WHAT YOU WILL DO>
Reproduce the listing below character for character; drop every image.

Segment Start: SOURCE MATERIAL

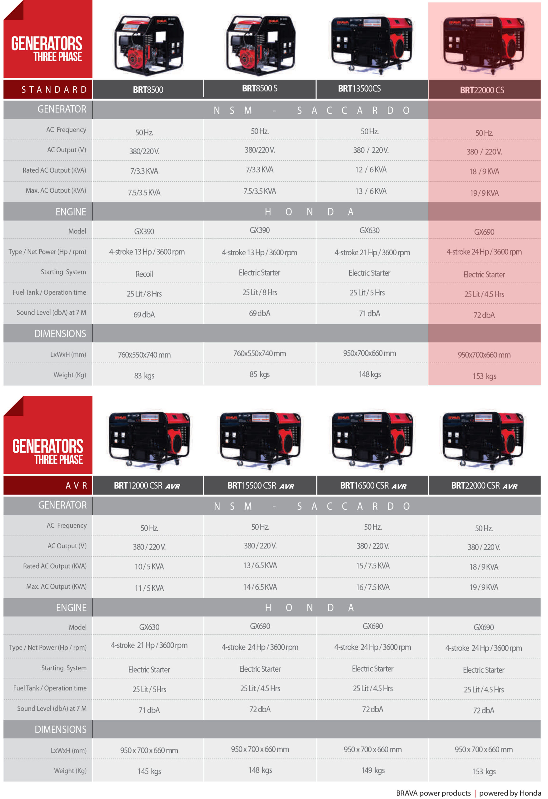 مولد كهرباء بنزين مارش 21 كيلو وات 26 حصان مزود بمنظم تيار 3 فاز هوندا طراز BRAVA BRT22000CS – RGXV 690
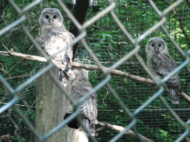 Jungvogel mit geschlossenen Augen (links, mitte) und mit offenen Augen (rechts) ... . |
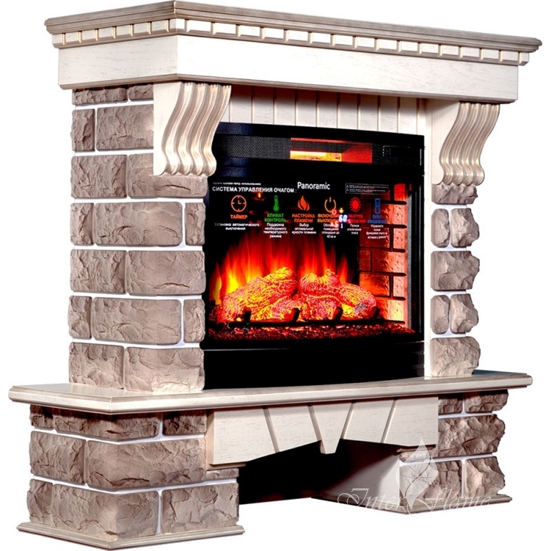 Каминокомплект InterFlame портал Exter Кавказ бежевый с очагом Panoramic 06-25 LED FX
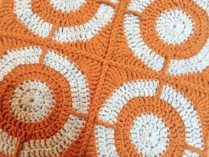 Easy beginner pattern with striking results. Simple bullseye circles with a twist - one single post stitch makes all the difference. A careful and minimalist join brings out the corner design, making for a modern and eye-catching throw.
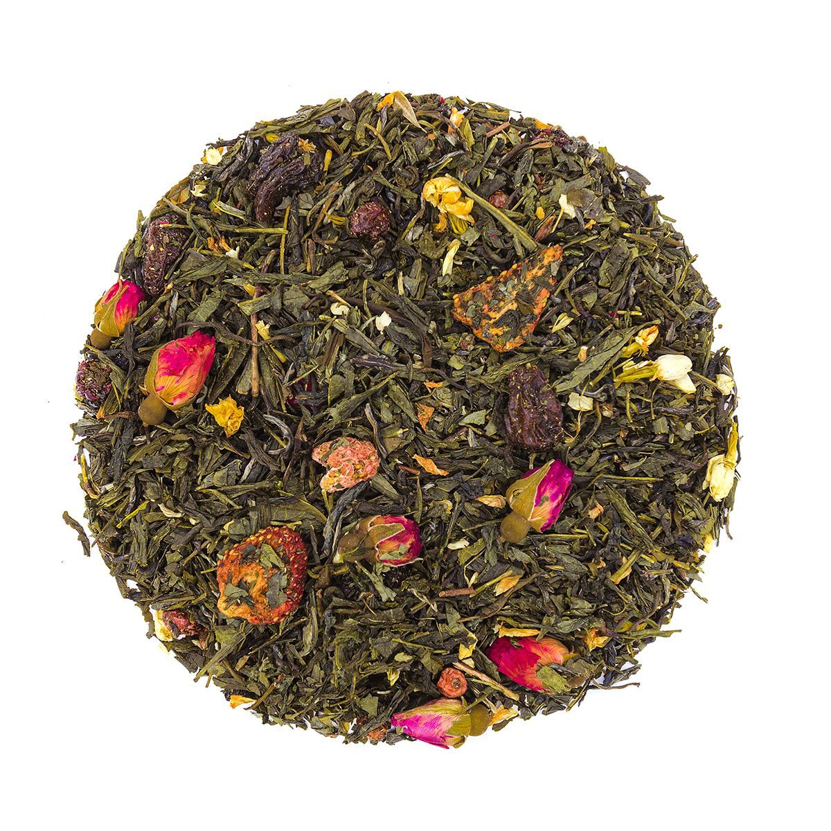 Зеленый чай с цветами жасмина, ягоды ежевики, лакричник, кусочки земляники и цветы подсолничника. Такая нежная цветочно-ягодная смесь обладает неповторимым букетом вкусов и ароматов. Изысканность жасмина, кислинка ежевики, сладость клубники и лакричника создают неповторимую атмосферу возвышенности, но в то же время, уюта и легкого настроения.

Segment End: SOURCE MATERIAL

EXERCISE SOLUTION>
 مولد كهرباء بنزين مارش 21 كيلو وات 26 حصان مزود بمنظم تيار 3 فاز هوندا طراز BRAVA BRT22000CS – RGXV 690
 Jungvogel mit geschlossenen Augen (links, mitte) und mit offenen Augen (rechts) ... . |
 Каминокомплект InterFlame портал Exter Кавказ бежевый с очагом Panoramic 06-25 LED FX
 Easy beginner pattern with striking results. Simple bullseye circles with a twist - one single post stitch makes all the difference. A careful and minimalist join brings out the corner design, making for a modern and eye-catching throw.
 Зеленый чай с цветами жасмина, ягоды ежевики, лакричник, кусочки земляники и цветы подсолничника. Такая нежная цветочно-ягодная смесь обладает неповторимым букетом вкусов и ароматов. Изысканность жасмина, кислинка ежевики, сладость клубники и лакричника создают неповторимую атмосферу возвышенности, но в то же время, уюта и легкого настроения.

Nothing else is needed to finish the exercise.